Venezuela halkı, başta İspanya, İtalya ve Almanya olmak üzere, Avrupa Serbest Ticaret Birliği (EFTA) üyeleri Norveç, İsviçre, İzlanda ve Lihtenştayn gibi ülkeleri tercih ediyor.
Ülkesini terk eden Venezuelalı sayısı 4 milyona çıktı. 1,3 milyon kişi Kolombiya’ya, 768 bini Peru’ya, 263 bini Ekvador’a, 130 bini Arjantin’e, 288 bini Şili’ye ve 168 bini Brezilya’ya, geri kalanlar da Meksika, Orta Amerika ve Karayip ülkelerine sığındı.
Veriler, Uluslararası Göç Örgütü (IOM) ve Birleşmiş Milletler Mülteciler Yüksek Komiserliğinden…

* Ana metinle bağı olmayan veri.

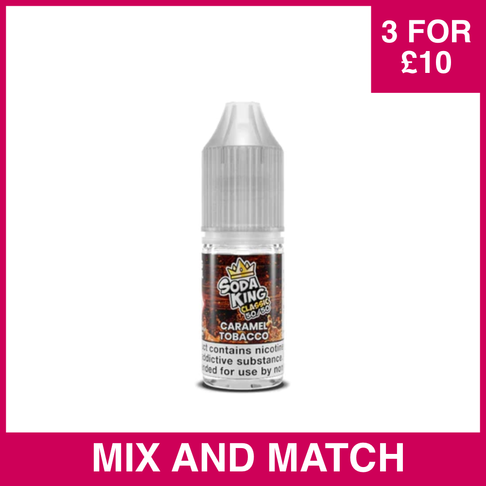 Soda King's Classic Caramel Tobacco Shortfill E-Liquid is a decadent concoction of velvety tobacco and luscious caramel. The tobacco essence is expertly blended to produce a mellow yet full-bodied profile, while the caramel note adds a touch of opulence, harmoniously balancing the two flavours. This e-liquid is a true masterpiece of Soda King, designed to provide you with an unparalleled vaping experience, delivering a harmonious and rich tobacco taste that is sweet to the senses. Choose this premium blend for a satisfying and luxurious vape.
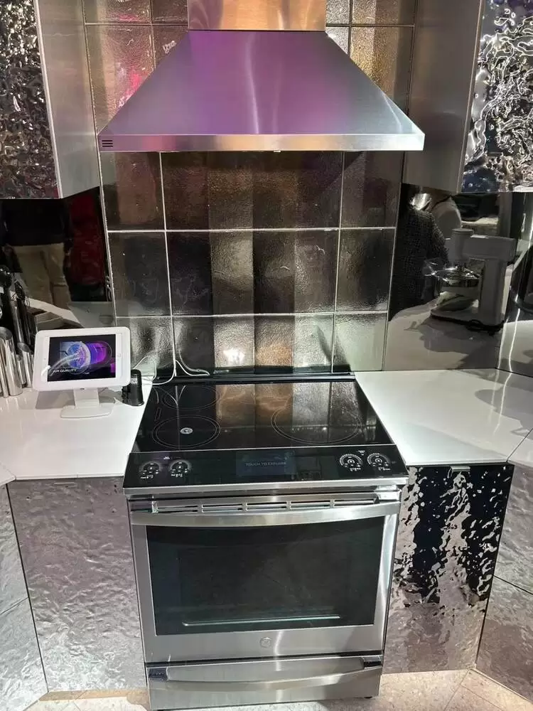 此外,入围KBIS最佳奖的GE Profile Revolution烟机,搭载空气质量传感器,能实时监测室内空气质量并作出反应,并通过SmartHQ深度学习用户使用习惯,提供最优空气管理方案。现场展出的Genesis微波烤箱创新采用微波、光波、加热管三种热源,相对传统加热管加热烤箱,烹饪速度更快;同时搭载7寸彩屏,内置摄像头实时记录烹饪过程,用户可通过手机实时观看烹饪情况,并远程控制。

Buna göre, Venezuela’da 2015 sonu itibarıyla ülkeyi terk edenlerin sayısı 695 bin kişiydi.
Bundan sonra neler olabilir?
Venezuela’da hiç de sürpriz olmayan darbe girişimleri, Maduro yönetimini yıpratmış durumda. En yakınındaki isimler bile darbe sürecine katıldı.
İlk darbe girişiminde, Bolivarcı Ulusal İstihbarat Servisi (SEBIN), Maduro’ya ihanet etmişti.
Ülkede dışa bağımlılık da arttı, siyaset kırılgan bir hal aldı.
ABD ve Avrupa, açıkça Venezuela ordusuna çağrı yapmaktan, Maduro’ya “Git” demekten çekinmiyor.
Ancak ABD ve destekçisi Latin Amerika ülkeleri, askeri bir müdahaleye de sıcak bakmıyor.
Çünkü bu marjinal grupların güçlenmesi, uyuşturucu ticaretinin kontrolden çıkması ve göç dalgasının hepten artmasına sebep olabilir.
Bu da ABD’nin arka bahçesinin Irak, Libya, Suriye gibi Orta Doğu ülkelerinin yaşadığı siyasi krizlerle baş başa kalması demek.
Rusya ve Türkiye’nin ise, Maduro’ya açık desteği var.
Venezuela’daki gelişmelerin, Türkiye, ABD ve Rusya liderlerinin katılacağı Japonya’daki G20 Liderler Zirvesi’nde gündeme gelmesi de sürpriz olmayacaktır.
Diploması başarısız olursa, Venezuela ordusu içindeki çözülmenin de hızlanması bekleniyor.
Bu da ülke içinde bir grubun Maduro’ya darbe yapması ve iç savaş senaryolarını beraberinde getiriyor.